When I went to see him in hospital Theodore could neither open his eyes nor speak. I started crying. For something to do, I picked up his limp hand and held it in mine. He had been given a massive blood transfusion but still looked close to death. The doctors expected him to make a slow but full recovery. Looking at him, it didn’t seem possible. Mum and Dad showed up a while later. For several minutes they did nothing but stand and stare, as if they couldn’t quite believe their eyes. Mitch and Benjy had come with me to the hospital and were hovering in the background, trying to be discreet. I remember that Benjy kept shaking his head and that Mitch was grinding his teeth so hard his jawline was rippling. None of us spoke.
No-one said anything. They didn’t need to. I knew what was expected of me and was deeply afraid, both of what I had to do and the person I’d be going up against. Django was a killer. By all accounts, most of them his own, he’d been killing since he was in short pants. I’d heard him bragging about the amount of people he’d murdered, often for the most trifling reason. I’d listened, open-mouthed, while he and his boys gave gloating details of all the people they had gunned down in the slums of Kingston, laughing and joking about how their victims had begged for their lives before being shot, usually in the face. His reputation alone made it difficult even to look at him. Most people
on the Front, including some of his own gang, were terrified of him.
Even assuming I had the courage to take him on, which I didn’t, how was I going to do it? I’d seen my fair share of violence, had grown up around it, it was nothing new to me, yet apart from the odd fight at school, I’d never personally been involved in anything serious. Mitch often used to talk about stabbing people’s guts out, laughing about how he would leave their innards in their lap like a bowl of spaghetti.

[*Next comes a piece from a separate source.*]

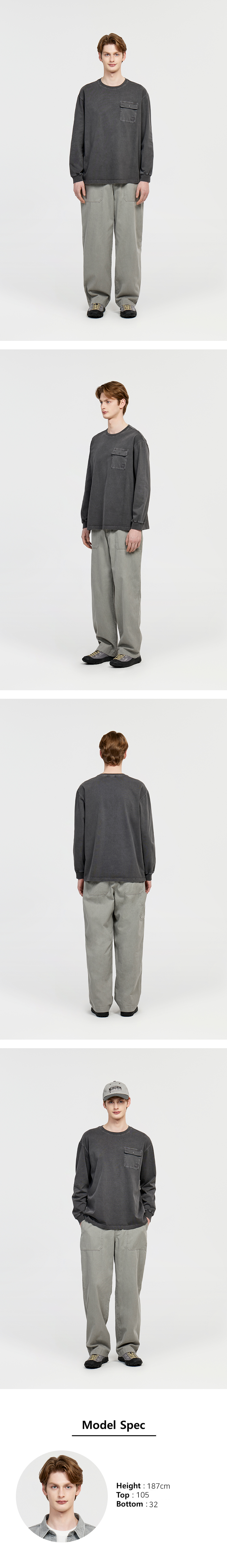 - 면 100% 소재를 사용하고 가먼트 워싱 기법으로 자연스러운 빈티지한 컬러를 표현한 상품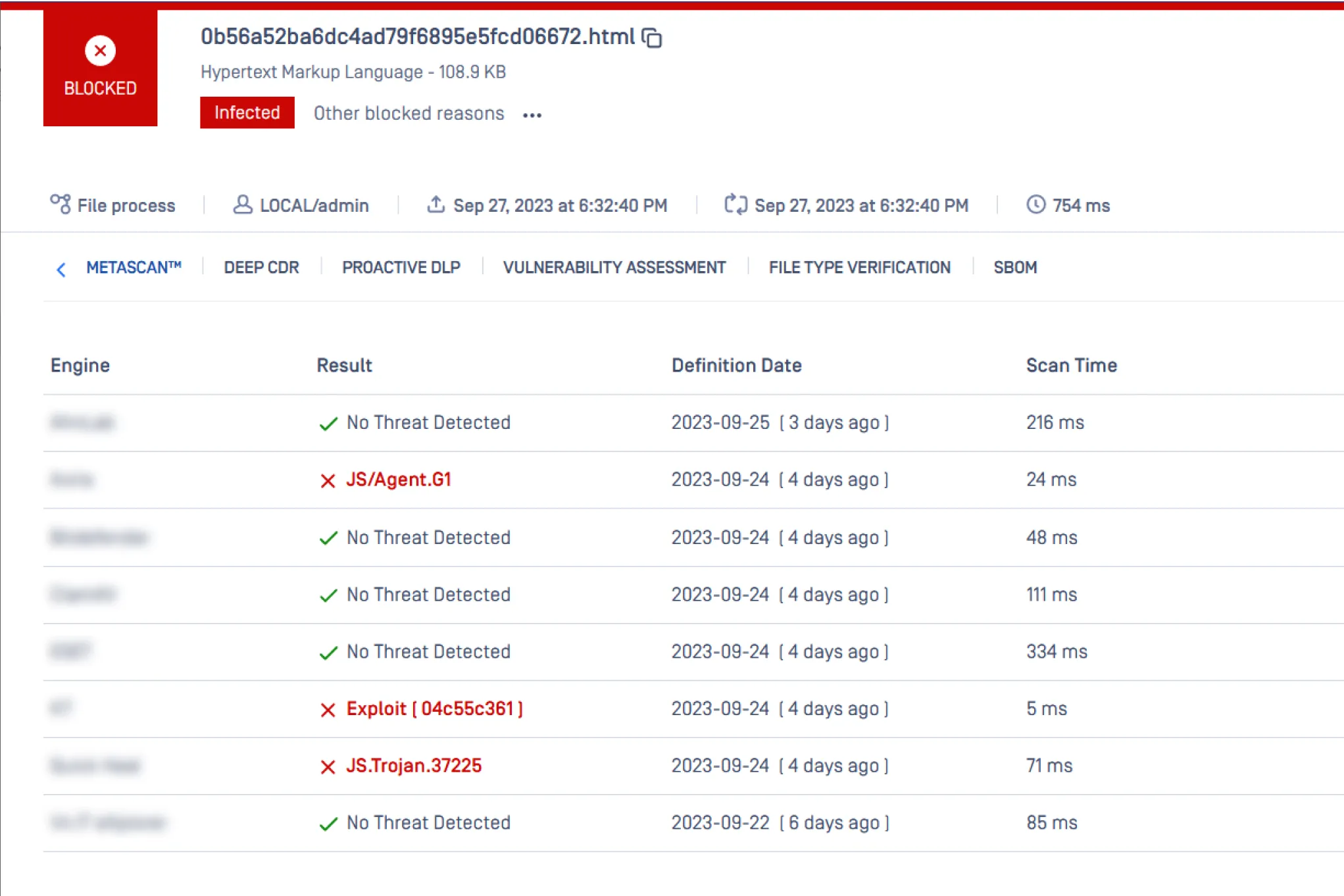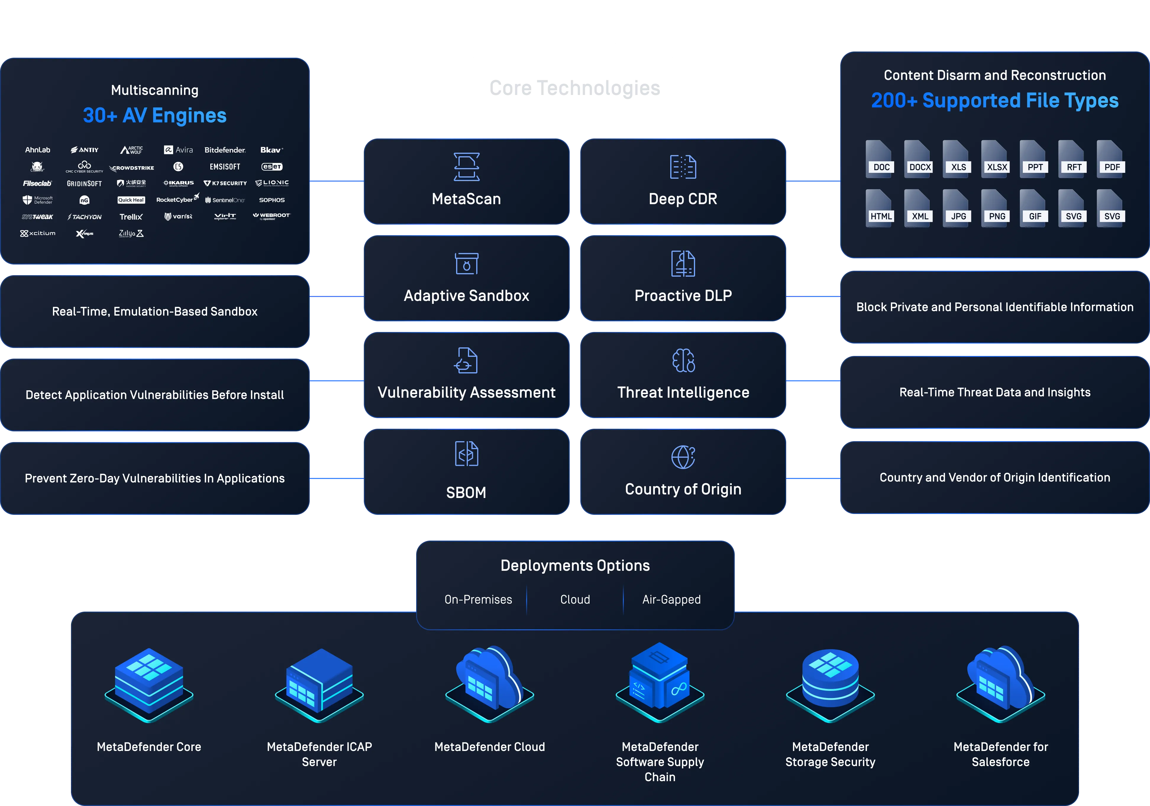 MetaDefender Multiscanning technology leverages 30+ leading anti-malware engines and proactively detects over 99% of malware by using signatures, heuristics, and machine learning. This significantly improves detection of known and unknown threats and provides the earliest protection against malware outbreaks.

Just thinking about the image was enough to make me nauseous. And yet I carried a knife, we all did, more as a deterrent than anything. If people knew you were armed they’d think twice, or so the theory went. In any case I felt fortunate that so far I’d never been tested, never been backed into a corner to the point where I felt I had to use a knife on someone. As for guns, I didn’t know the first thing about them. I’d never seen one in my life, much less handled or fired any. I wouldn’t have known where to start if I wanted to get hold of one.
Despite all the gangster films I had watched, it was only after my brother had been stabbed that I properly understood the attraction of putting a contract on someone’s head. You could have your way without getting your hands wet, so to speak. But I knew no-one in that line of work and even if I did, how would I pay them? And suppose for argument’s sake say I managed to find someone and was able to pay, could I then live with myself knowing that I had financed the killing of another human being, even one as vile as Django? You don’t go from being a choirboy to a killer in two years, unless you’re a psychopath. I knew which side of the divide I lived on I was keen to remain there. There was, I believed, such a thing as wickedness.
What I wanted to do to Django was wicked and yet, if I stopped to think about what he had done to Theodore, if I pictured my brother on his drip, if I ever stopped and thought about how close he had come to dying and how he must have suffered while he was being stabbed over and over, if I dwelt on the fact that he’d been left bleeding on the street, I could actually feel the evil rising in my body. I hated Django. Deep down inside I throbbed with the desire to get even with him but to do that I’d have to become another person. Someone like Mitch. He had violence in him. It was only a matter of time before he gave full vent to it. I pitied the person who eventually fell victim to his rage and I pitied him for having to contend with it night and day. Benjy, who had once taken a kitchen knife to his own father for slapping his mother, was like a tree-hugger in comparison. They wanted to help me. They’d known me all my life and knew I didn’t have it in me to take Django down, not by myself anyhow.